Product articles Flyway Database Testing and Quality
Running Dynamic Code Quality Checks on…

Running Dynamic Code Quality Checks on Flyway Databases: Table Smells

How to extend the range of SQL code analysis, during database development, to include dynamic analysis of the database metadata. This will allow regular checks for problems with the design of your tables and indexes ("table smells") that can affect database performance and data integrity.

Guest post

This is a guest post from Phil Factor. Phil Factor (real name withheld to protect the guilty), aka Database Mole, has 30 years of experience with database-intensive applications.

Despite having once been shouted at by a furious Bill Gates at an exhibition in the early 1980s, he has remained resolutely anonymous throughout his career.

He is a regular contributor to Simple Talk and SQLServerCentral.

What is dynamic code analysis?

When you’re doing a routine build of a database, it is very useful to run a static code analysis. This is a SQL syntax check for mistakes or problems in the source code used to build or alter a database, which could reduce the performance and reliability of that database. Static code analysis will detect many common ‘code smells’ in your databases, but on its own it isn’t enough, because it will miss many of the mistakes or deficiencies that cause performance problems in a live database. You must also access the database metadata, through a live database connection, to check for missing indexes, duplicate indexes, and poorly designed tables, including tables that have no unique constraints at all, and tables that have no primary key (called ‘heaps’). These dynamic checks are best done using SQL to access the metadata functions.

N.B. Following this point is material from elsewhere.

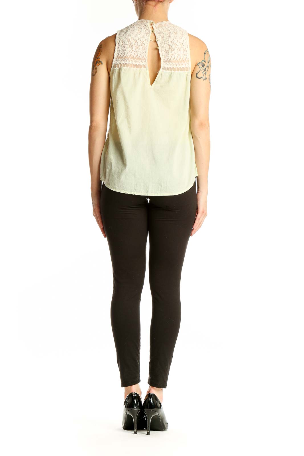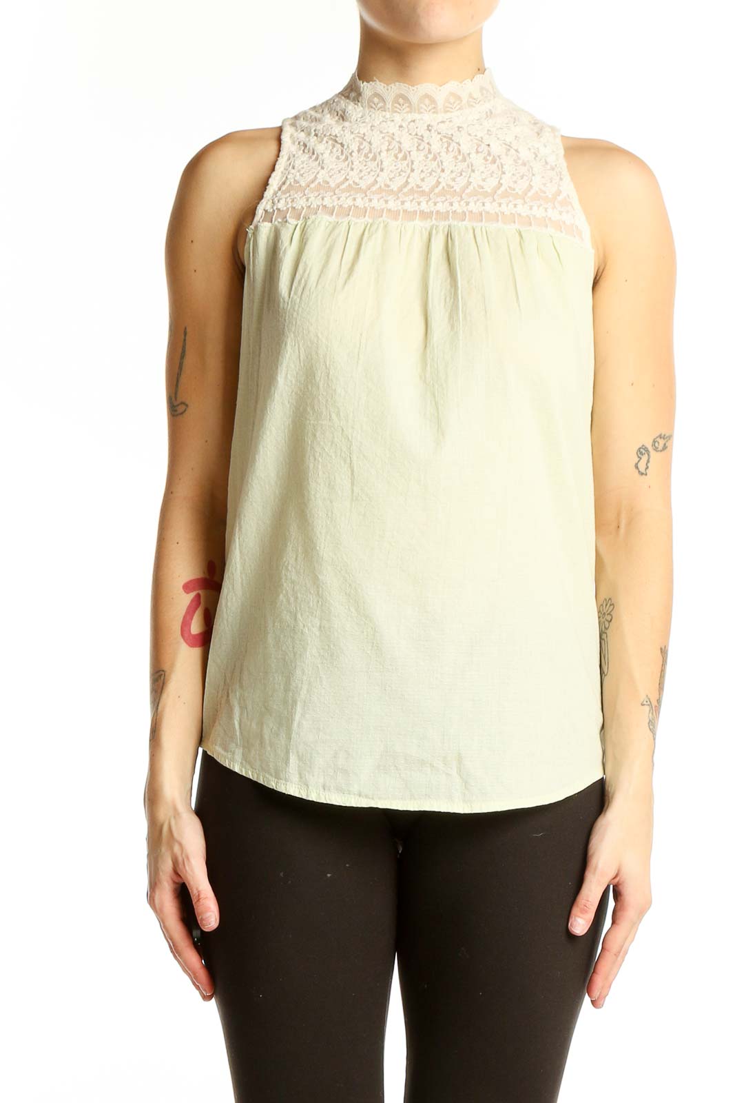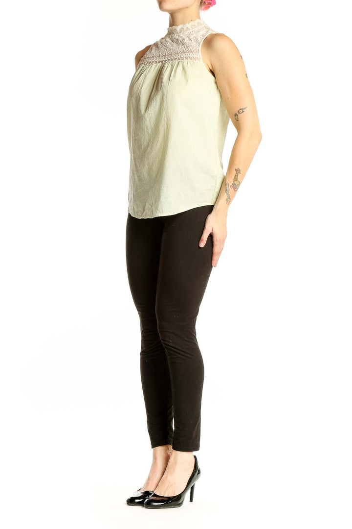 Elevate your summer wardrobe with this exquisite cream sleeveless top from Zara Trafaluc. The standout feature is a delicate lace yoke that adds a touch of romance and sophistication to the high neckline. Made from lightweight nylon, this top offers both comfort and style for warm weather days.

You’ve all got favorite SQL scripts to find these sorts of problems, or ‘table smells’, and I have mine. The PowerShell automation I’ll demonstrate in this article will automatically run my SQL ‘metadata sniffer’ script on a Flyway-managed SQL Server database. I like to save the report in a JSON file because it is more easily processed by PowerShell. This article will demonstrate how to do that.

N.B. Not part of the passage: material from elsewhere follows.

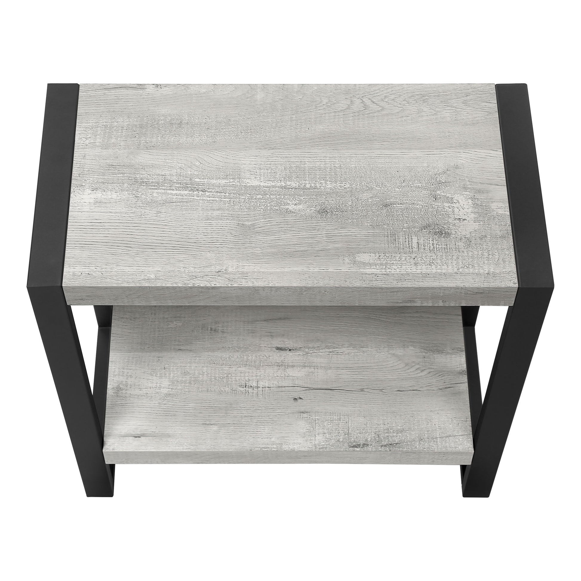 - Design and Finish: This 2-tier accent table features a thick, rectangular tabletop paired with a fixed lower shelf, all in a stylish grey reclaimed wood-look finish. It's designed to complement various room decors.

Why do we need dynamic code analysis?

If you do a regular full build as part of your database development cycle, you can be pretty sure that the result will be what the code intended. If, however, the database is being continuously migrated between versions, then this won’t necessarily be the case. For example, a fresh build of a database will have all constraints enabled. However, for an existing database that you are migrating, you may find out that, at some point, a developer disabled all constraints for a table, or for all tables, to do a data import, and then forgot to switch them back on. That sort of change could linger in the migrated database, undetected by Flyway or by static code analysis, and can sometimes make its way into migrations run on the production database.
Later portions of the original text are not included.